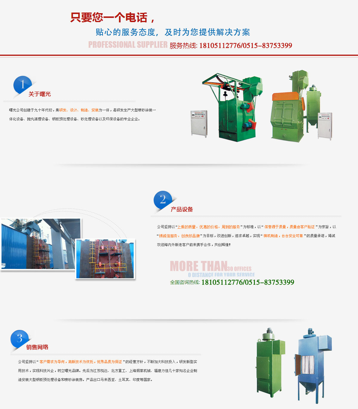 現(xiàn)建有三個(gè)生產(chǎn)廠(chǎng)區(qū),擁有各類(lèi)優(yōu)良的加工設(shè)備300多套,員工100多名,其中專(zhuān)業(yè)技術(shù)人員20多名。先后為江蘇悅達(dá)、北方重工、上海煙草機(jī)械、福建力佳等幾十家知名企業(yè),制造安裝大型鋼板預(yù)處理設(shè)備和噴砂涂裝房。產(chǎn)品暢銷(xiāo)江蘇、浙江、安徽、山東、湖南、湖北、河南、河北、四川、福建、山西、內(nèi)蒙古、北京、上海等全國(guó)二十多個(gè)省市,出口俄羅斯、馬來(lái)西亞...
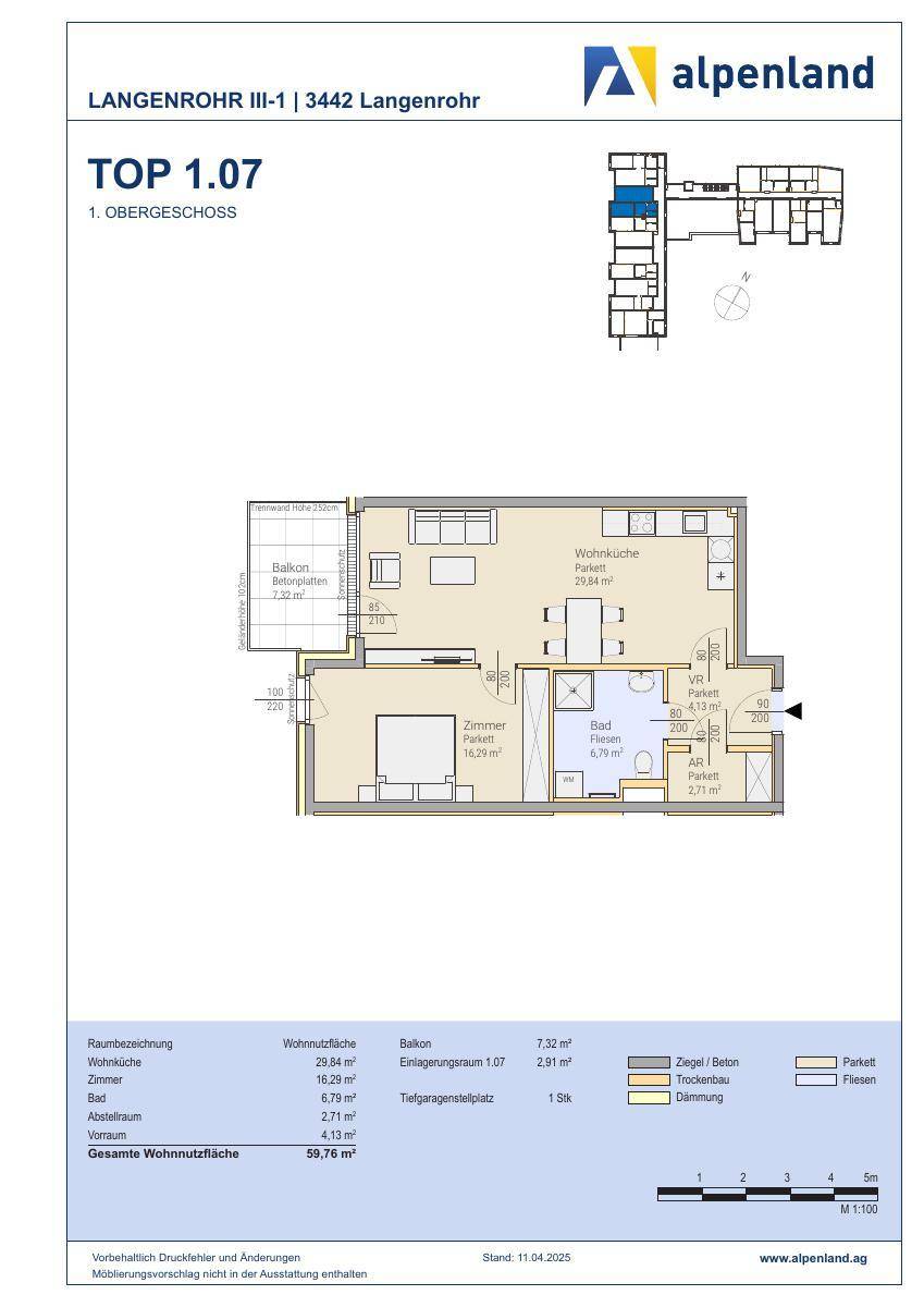 LANGENROHR III/1, "Betreutes Wohnen (BV)" - geförderte Mietwohnung, 1. OG Top 1.07, 1000/00011991/00001107
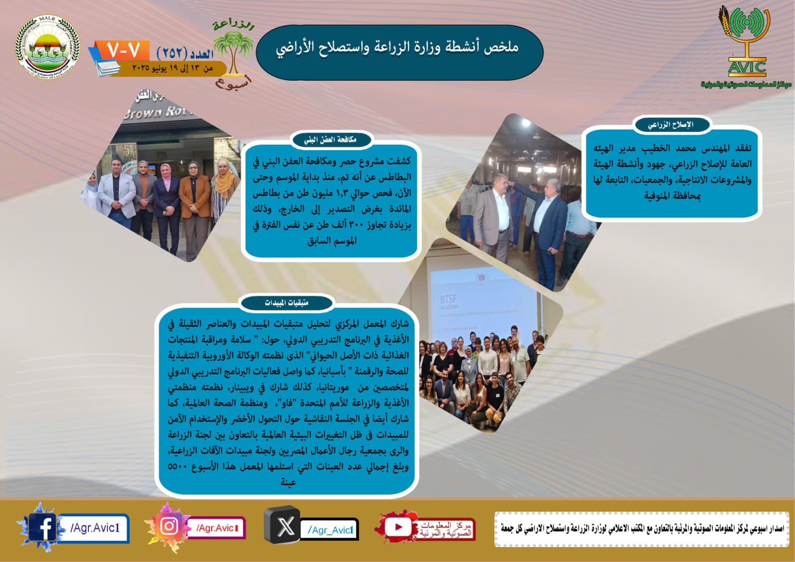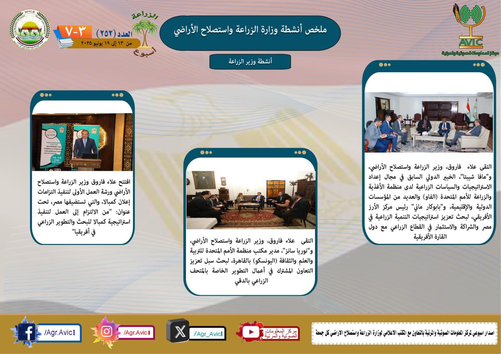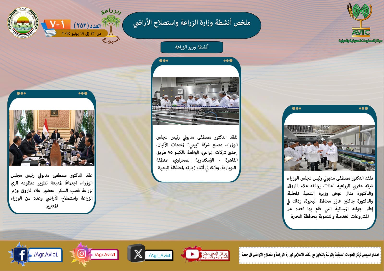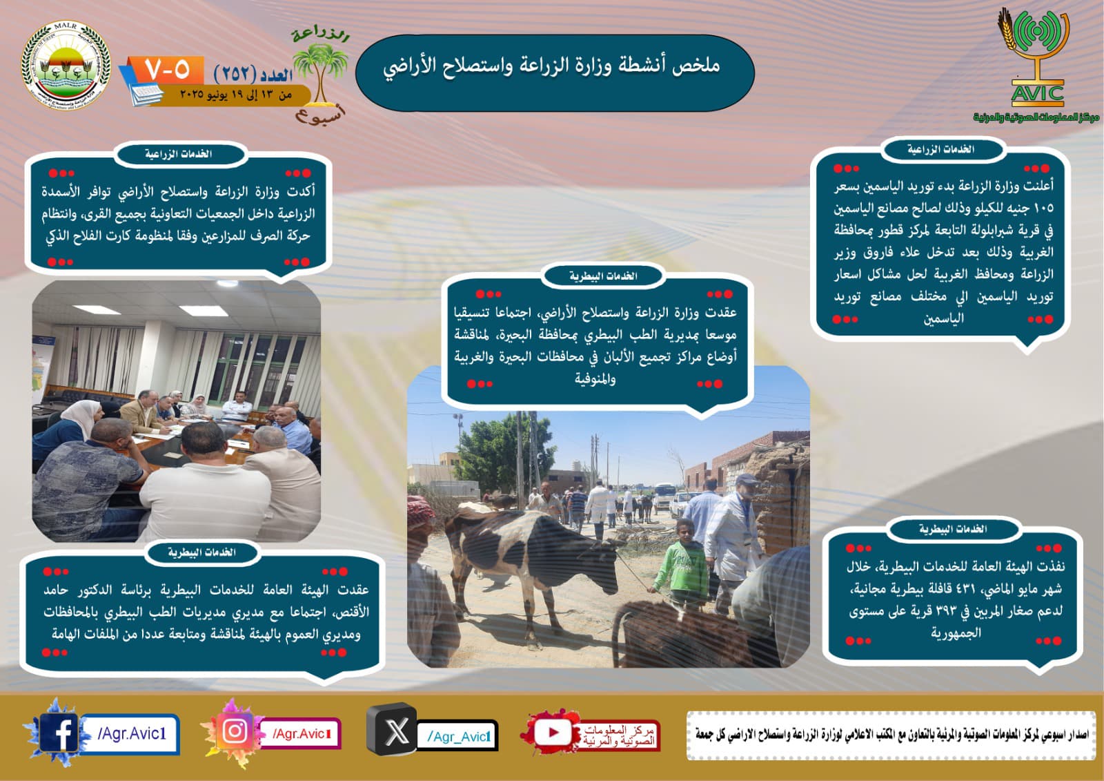 يذكر ان مركز المعلومات الصوتية والمرئية، والمكتب الاعلامي للوزارة، يصدران الجمعة من كل اسبوع، انفوجرافا وفيديو باسم: الزراعة في اسبوع، لالقاء الضوء على ملخص ما تم من انشطة وجهود، بكافة القطاعات والهيئات، التابعة للوزارة، فضلا عن انفوجراف وفيديو كل ثلاثاء باسم: الزراعة في كل مصر، حول انشطة وجهود القطاع الزراعي، بالمحافظات المختلفة.

========================================

### Required work
Give back every line of the material exactly as written, but not the pictures.

### Result for this task
 現(xiàn)建有三個(gè)生產(chǎn)廠(chǎng)區(qū),擁有各類(lèi)優(yōu)良的加工設(shè)備300多套,員工100多名,其中專(zhuān)業(yè)技術(shù)人員20多名。先后為江蘇悅達(dá)、北方重工、上海煙草機(jī)械、福建力佳等幾十家知名企業(yè),制造安裝大型鋼板預(yù)處理設(shè)備和噴砂涂裝房。產(chǎn)品暢銷(xiāo)江蘇、浙江、安徽、山東、湖南、湖北、河南、河北、四川、福建、山西、內(nèi)蒙古、北京、上海等全國(guó)二十多個(gè)省市,出口俄羅斯、馬來(lái)西亞...
 LANGENROHR III/1, "Betreutes Wohnen (BV)" - geförderte Mietwohnung, 1. OG Top 1.07, 1000/00011991/00001107
 يذكر ان مركز المعلومات الصوتية والمرئية، والمكتب الاعلامي للوزارة، يصدران الجمعة من كل اسبوع، انفوجرافا وفيديو باسم: الزراعة في اسبوع، لالقاء الضوء على ملخص ما تم من انشطة وجهود، بكافة القطاعات والهيئات، التابعة للوزارة، فضلا عن انفوجراف وفيديو كل ثلاثاء باسم: الزراعة في كل مصر، حول انشطة وجهود القطاع الزراعي، بالمحافظات المختلفة.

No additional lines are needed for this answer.